Aan de Voorzitter van de Tweede Kamer der Staten-Generaal
Den Haag, 27 november 2012
Hierbij wil ik u informeren over de voortgang van de invoering van de eed of belofte voor de financiële sector.
In het regeerakkoord is opgenomen dat een eed of belofte zal worden ingevoerd met strenge sancties. Ik onderschrijf ten volle het belang van de kernwaarden waar de eed of belofte voor staat. Een wezenlijke gedrags- en cultuurverandering vergt immers niet alleen regelgeving, maar kent ook een sterke morele dimensie. Momenteel ben ik zorgvuldig aan het bekijken hoe een eed met strenge sancties adequaat kan worden vorm gegeven. Hierbij houd ik ook rekening met de toezegging van mijn ambtsvoorganger om de mogelijkheden van tuchtrecht in de financiële sector te verkennen.1
Eén van de aandachtspunten is de reikwijdte van mogelijke sancties in samenhang met de reikwijdte van de eed of belofte. Ik wil deze zo goed mogelijk op elkaar laten aansluiten en onduidelijkheid voor de sector zoveel mogelijk voorkomen. Om deze reden heb ik er voor gekozen om vanaf 1 januari 2013 de eed of belofte vooralsnog alleen verplicht te stellen voor personen die door de Autoriteit Financiële Markten (AFM) en De Nederlandsche Bank (DNB) worden getoetst op hun geschiktheid, zoals beleidsbepalers en commissarissen. Voor deze groep is reeds sprake van een strenge wettelijke sanctie. Bij het niet naleven of overtreden van de eed of belofte kan een betrokkene, als ultimum remedium, zijn functie niet langer uitoefenen. Overigens kijk ik ook voor deze groep personen naar de mogelijkheid van aanvullende maatregelen.

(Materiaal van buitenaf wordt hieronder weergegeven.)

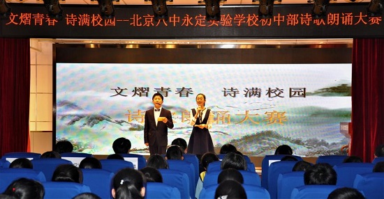4月3日,初中部师生欢聚一堂,举办了“文熠青春诗满校园”北京八中永定实验学校诗歌朗诵大赛。本次大赛的评委老师由北京八中永定实验学校李纪洲校长、杨双武副校长、彭国柱老师、李广川老师、欧阳超老师共同担任,即时排名,现场角逐。
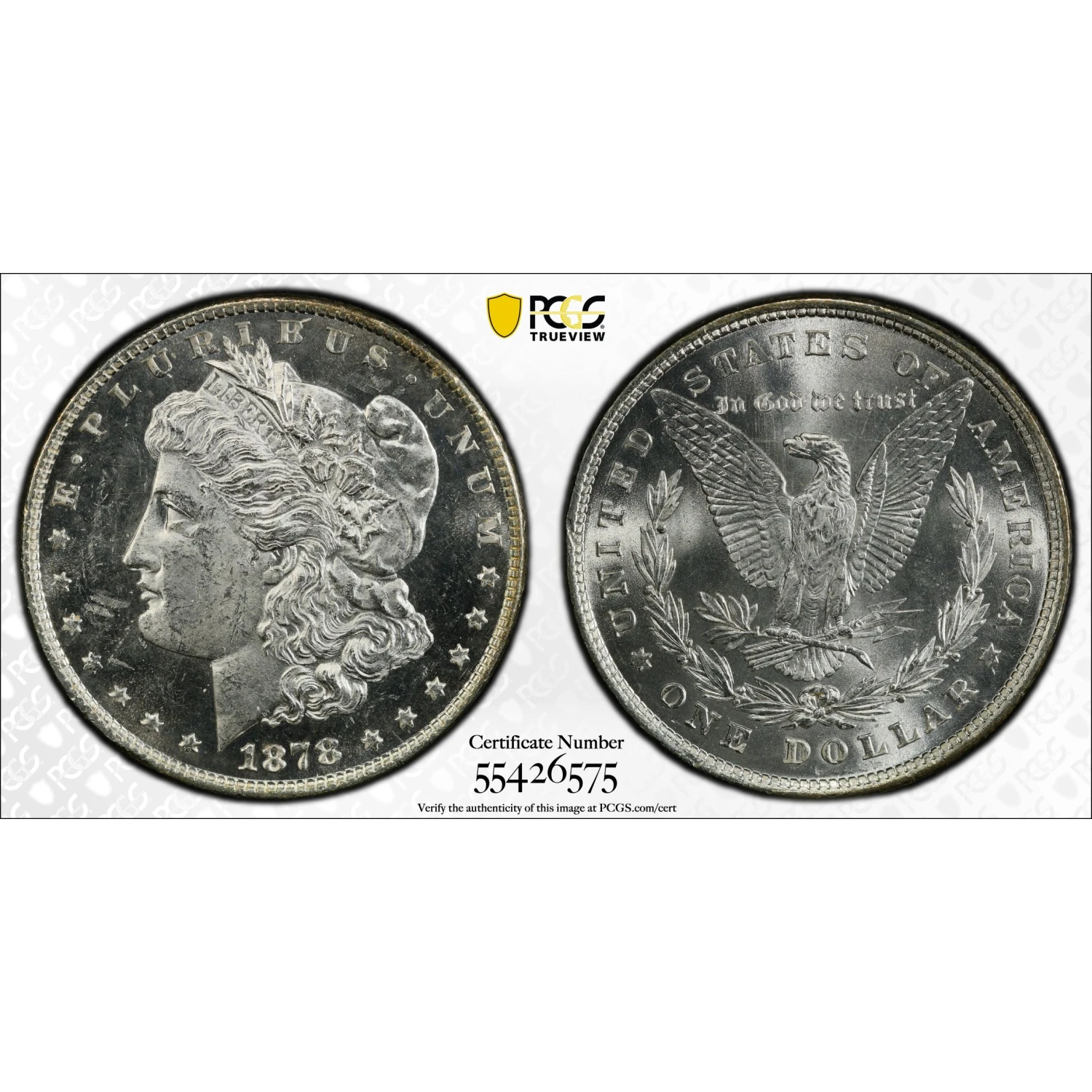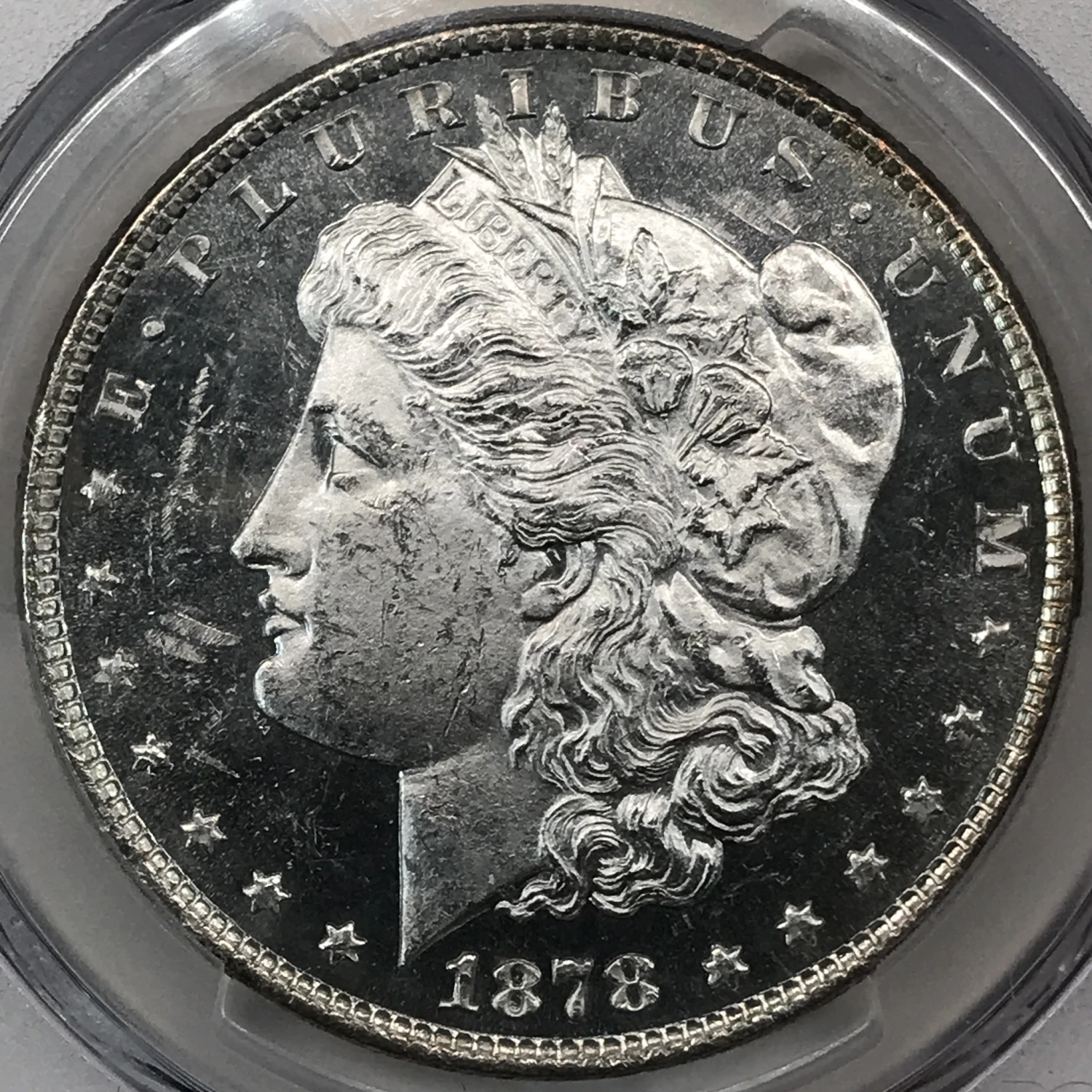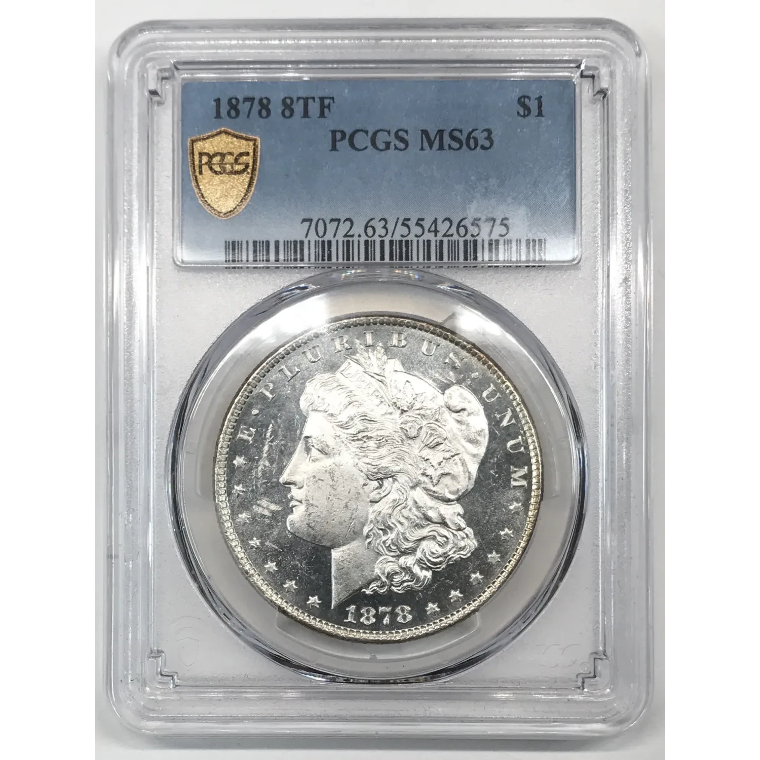 1878 P 8TF Morgan Silver Dollar PCGS MS-63 - VAM-17 Doubled Reverse, Diagonal in 8 - nice PL obverse, strong strike on reverse - DDR, nice doubling on reverse - pick up points: diagonal in 8 of date, die scratch in front of eye - 8 Tailfeathers

Voor de invoering van een eed of belofte voor het overig personeel zal ik zorgvuldig nader onderzoek verrichten in overleg met onder meer DNB en de AFM en de sector. Zodoende kan in één keer een effectief stelsel van een eed of belofte voor het overig personeel mét sancties worden gerealiseerd in plaats van gefaseerde invoering van in eerste instantie een eed of belofte, en op een later moment sancties. Hiernaast biedt deze benadering duidelijkheid voor de sector, en wordt voorkomen dat zij kort opeenvolgend met verschillende maatregelen ten aanzien van hetzelfde onderwerp te maken krijgt. Dit laat uiteraard onverlet dat de sector zelf voortgang kan maken met de introductie van een bredere eed of belofte voor het overig personeel, en dat ik dit ook van harte verwelkom.
Ik verwacht uw Kamer in het voorjaar van 2013 nader te kunnen informeren over mijn beleidsvoornemens ten aanzien van dit totaalpakket aan maatregelen rond de eed of belofte. Dit pakket zal worden gerealiseerd via een wetswijziging.